Brief -> Please give all of the data again, character for character, and drop the pictures.

Given data ->

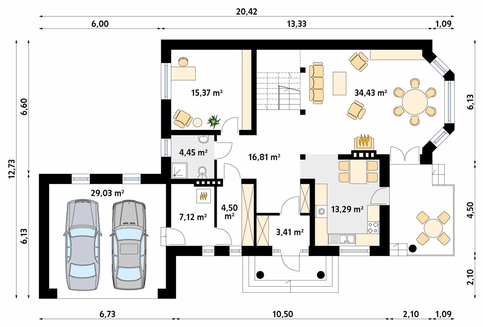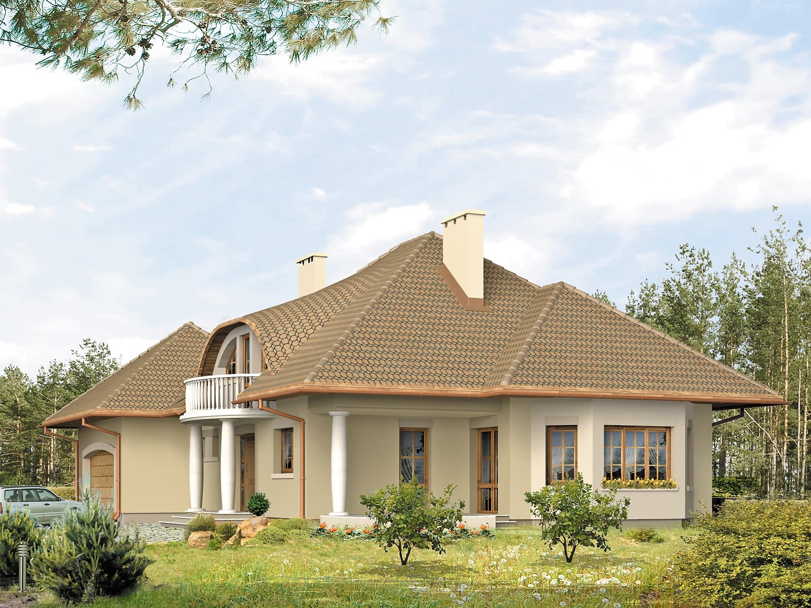 Dom jednorodzinny, parterowy z użytkowym poddaszem, wymagający dość szerokiej, ale płytkiej działki. Dom średniej wielkości z dodatkowym pokojem – gabinetem do pracy na parterze. Na poddaszu trzy sypialnie z łazienką i strych.Konstrukcja
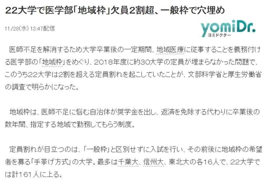 29일 일본 요미우리신문, 고베신문 1면 기사 등에 따르면, 전국 의대에서 운영하는 지역 정원제도의 별도 전형 지원자가 22개 의대에서 20%이상, 161명의 정원이 미달됐다. 일부 의대는 미달된 정원을 일반 학생의 지원을 받는 것으로 전환할 계획을 밝혔다.
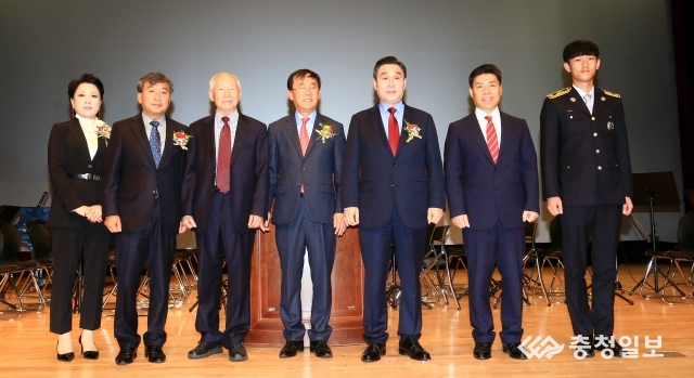 37회 충북 시·군대항 역전마라톤대회 개회식 및 8회 충청대상 시상식이 열린 10일 단양 문화예술회관에서 충청대상 수상자들과 충청일보 임원들이 기념촬영을 하고 있다. 왼쪽부터 윤경희 총괄이사·박장규 전무이사·이은영 재단법인 희영장학회 이사장·이규택 충청일보 회장·김정구 충북도민회 중앙회 수석부회장·김정복 흥덕새마을금고 이사장·김남수 소방관. /권보람기자
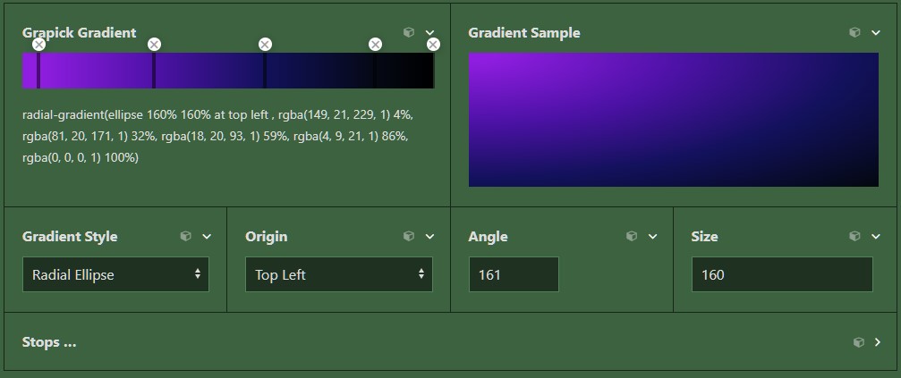 I’ve added full support of different gradient types and size, and allowed for more flexible gradient origins for relevant types.

Worked solution ->
 Dom jednorodzinny, parterowy z użytkowym poddaszem, wymagający dość szerokiej, ale płytkiej działki. Dom średniej wielkości z dodatkowym pokojem – gabinetem do pracy na parterze. Na poddaszu trzy sypialnie z łazienką i strych.Konstrukcja
 29일 일본 요미우리신문, 고베신문 1면 기사 등에 따르면, 전국 의대에서 운영하는 지역 정원제도의 별도 전형 지원자가 22개 의대에서 20%이상, 161명의 정원이 미달됐다. 일부 의대는 미달된 정원을 일반 학생의 지원을 받는 것으로 전환할 계획을 밝혔다.
 37회 충북 시·군대항 역전마라톤대회 개회식 및 8회 충청대상 시상식이 열린 10일 단양 문화예술회관에서 충청대상 수상자들과 충청일보 임원들이 기념촬영을 하고 있다. 왼쪽부터 윤경희 총괄이사·박장규 전무이사·이은영 재단법인 희영장학회 이사장·이규택 충청일보 회장·김정구 충북도민회 중앙회 수석부회장·김정복 흥덕새마을금고 이사장·김남수 소방관. /권보람기자
 I’ve added full support of different gradient types and size, and allowed for more flexible gradient origins for relevant types.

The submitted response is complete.